Lastly, we have our effect size, which we prefer to use omega-squared (\(\omega^2\)) because it is less biased from the other options, especially when sample sizes are small, although you may see papers use eta-squared (\(\eta^2\)) or partial eta-squared (\(\eta^2_p\)). The larger the value, the bigger the effect size; furthermore, they are like a correlation in that they range from 0 to 1 where 1 means a perfect relationship and 0 means no relationship. Field (2013) suggests values between .01 and .06 are small, between .06 and .14 are medium, and greater than .15 are large, but remember what we learned about effect sizes from earlier in the textbook!

Write up the results in APA style

This write-up is only sufficient if your results are not statistically significant.

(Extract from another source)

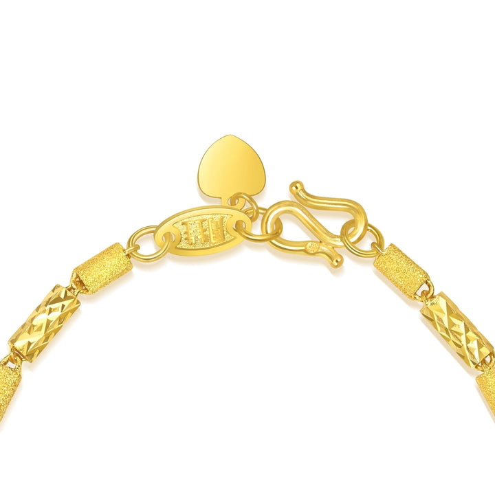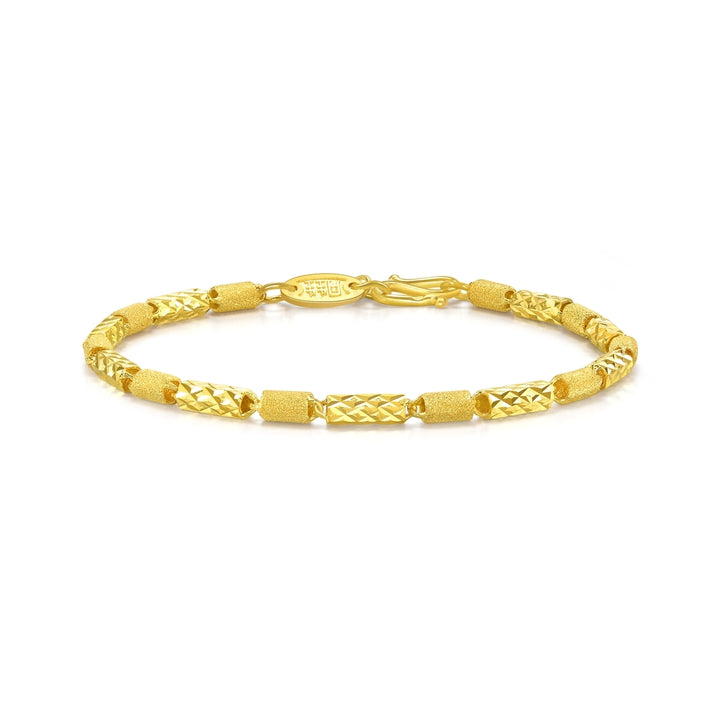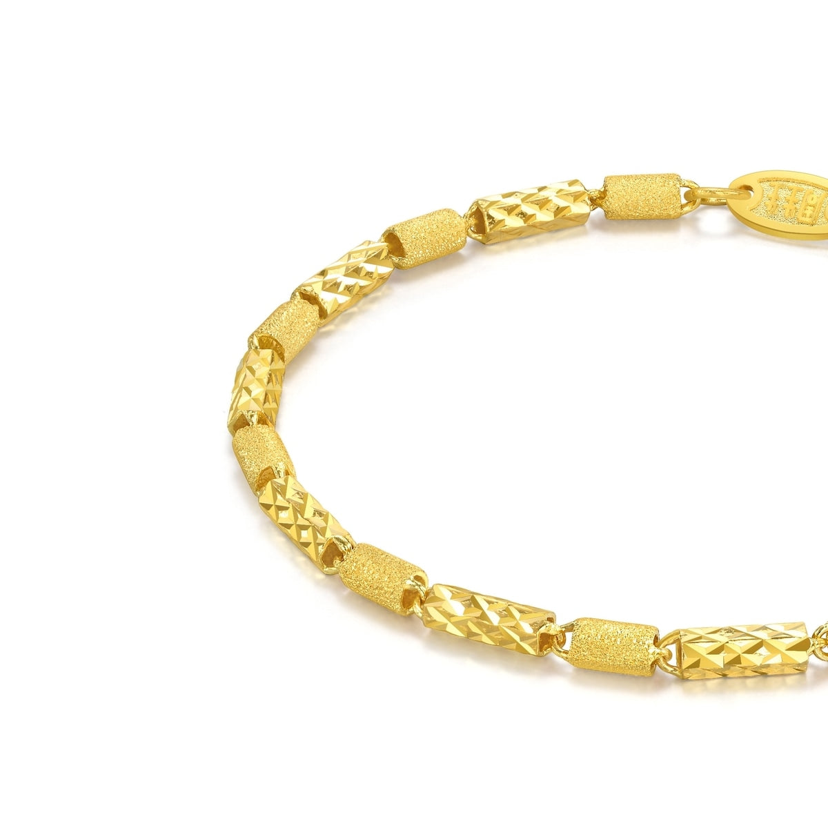 This 999.9 Gold Bracelet by Chow Sang Sang features a sleek and understated design, ideal for both casual and formal occasions. Its classic aesthetic ensures it will be a timeless addition to any jewelry collection.

If your F-test is statistically significant, then you also need to report the group differences as described in the next chapter!

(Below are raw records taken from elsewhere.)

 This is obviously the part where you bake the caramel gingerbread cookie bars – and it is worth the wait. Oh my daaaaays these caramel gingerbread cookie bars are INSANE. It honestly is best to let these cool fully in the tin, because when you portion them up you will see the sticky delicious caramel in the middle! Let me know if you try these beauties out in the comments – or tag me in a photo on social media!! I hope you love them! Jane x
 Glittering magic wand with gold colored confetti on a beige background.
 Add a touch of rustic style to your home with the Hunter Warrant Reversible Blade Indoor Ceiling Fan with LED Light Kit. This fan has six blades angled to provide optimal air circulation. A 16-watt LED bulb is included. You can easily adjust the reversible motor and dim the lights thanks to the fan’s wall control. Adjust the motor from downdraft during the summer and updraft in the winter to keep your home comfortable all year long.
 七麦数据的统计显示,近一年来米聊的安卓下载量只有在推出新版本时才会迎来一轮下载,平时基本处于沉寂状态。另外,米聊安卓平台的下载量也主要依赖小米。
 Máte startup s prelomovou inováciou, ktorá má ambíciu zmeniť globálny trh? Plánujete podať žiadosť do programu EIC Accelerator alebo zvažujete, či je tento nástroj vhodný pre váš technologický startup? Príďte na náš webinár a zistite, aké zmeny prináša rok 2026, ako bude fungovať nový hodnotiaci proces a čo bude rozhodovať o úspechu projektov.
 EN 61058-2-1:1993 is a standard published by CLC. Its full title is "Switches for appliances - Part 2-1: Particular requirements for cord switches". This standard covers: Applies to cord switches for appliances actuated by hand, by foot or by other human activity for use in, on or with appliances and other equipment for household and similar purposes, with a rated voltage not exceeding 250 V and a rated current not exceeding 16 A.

We can write up the results of the overall F-test in APA something like this (again, go to the next chapter to go over the group differences because our significant F-test means this write-up is not sufficient):

There is a significant difference in mood gain across the three drug conditions, F (2, 15) = 18.61, p < .001, \(\omega^2\) = .66.

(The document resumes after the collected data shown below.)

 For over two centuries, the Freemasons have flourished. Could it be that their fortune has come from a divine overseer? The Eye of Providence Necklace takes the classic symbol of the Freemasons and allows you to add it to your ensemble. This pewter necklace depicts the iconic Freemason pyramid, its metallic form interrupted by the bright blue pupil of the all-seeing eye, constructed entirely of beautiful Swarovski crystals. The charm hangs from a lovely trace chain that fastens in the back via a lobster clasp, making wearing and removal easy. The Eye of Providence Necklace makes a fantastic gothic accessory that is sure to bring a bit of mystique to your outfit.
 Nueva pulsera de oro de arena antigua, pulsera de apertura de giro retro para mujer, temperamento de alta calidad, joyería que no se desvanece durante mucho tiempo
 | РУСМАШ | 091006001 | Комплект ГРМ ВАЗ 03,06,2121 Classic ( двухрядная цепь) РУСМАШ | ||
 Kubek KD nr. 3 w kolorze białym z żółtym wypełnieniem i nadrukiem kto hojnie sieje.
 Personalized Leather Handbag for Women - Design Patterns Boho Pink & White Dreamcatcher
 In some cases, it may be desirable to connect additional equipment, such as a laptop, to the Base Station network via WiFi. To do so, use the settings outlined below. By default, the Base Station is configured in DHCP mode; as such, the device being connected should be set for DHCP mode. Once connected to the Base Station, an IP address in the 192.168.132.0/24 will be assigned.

Sometimes, people like to put the statistics inside a parentheses. In that case, you need to change the parentheses around the degrees of freedom as brackets. Here’s another example write-up of the results in APA style:

There is a significant difference in mood gain across the three drug conditions (F [2, 15] = 18.61, p < .001, \(\omega^2\) = .66).

Visualize the results

You should visualize the results similarly to how you visualize the results for the independent samples t-test. The default graph in the estimated marginal means output for the ANOVA is not great in my opinion. Presenting the graph of the data in this case (see the graph under Look at the Data) is probably a better option.

Welch’s F-test

To conduct this in jamovi, you will need to use the “One-Way ANOVA” test, not the “ANOVA” test. The unfortunate thing about this test is that it strangely does not provide effect sizes.

In jamovi, under Variances select Don't assume equal (Welch's). Move mood.gain to the Dependent Variable box and drug to your Grouping Variable box. You will interpret the results similarly to the one-way ANOVA:

Using a Welch’s F-test, there is a significant difference in mood gain across the three drug conditions, F (2, 9.49) = 26.32, p < .001.

Kruskal-Wallis test

To perform the Kruskal-Wallis test in jamovi, you will need to select under the ANOVA button “One-Way ANOVA, Kruskal Wallis” towards the bottom of the list of options. Move mood.gain to the Dependent Variables box and drug to the Grouping Variable box. Select Effect size; if you need post hoc comparisons select DSCF pairwise comparisons (see next chapter on finding group differences). You will interpret the results similarly to the one-way ANOVA:

Using a Kruskal-Wallis test, there is a significant difference in mood gain across the three drug conditions, \(\chi^2\) (2) = 12.08, p = .002, \(\epsilon^2\) = .71.

Notice how in this case all three results converge and show there is a statistically significant difference in the results! The problem is… differences in which groups? See the next chapter!

Additional practice

Open the Sample_Dataset_2014.xlsx file that we will be using for all Your Turn exercises. You can find the dataset here: Sample_Dataset_2014.xlsx Download

Perform one-way ANOVAs based on the following research questions. Check your assumptions and ensure you are using the correct tests.

To get the most out of these exercises, try to first find out the answer on your own and then use the drop-down menus to check your answer.

Does students differ on English scores by rank (i.e., freshmen, sophomore, junior, senior)?
- Do you satisfy the assumption of normality?
- Do you satisfy the assumption of homogeneity of variance?
- Which statistic should you use?
- Do students differ on English scores by rank?
Does smoking status (Smoking: Nonsmoker = 0, Past smoker = 1, Current smoker = 2) relate to sprint time?
- Do you satisfy the assumption of normality?
- Do you satisfy the assumption of homogeneity of variance?
- Which statistic should you use?
- Does smoking status relate to sprint time?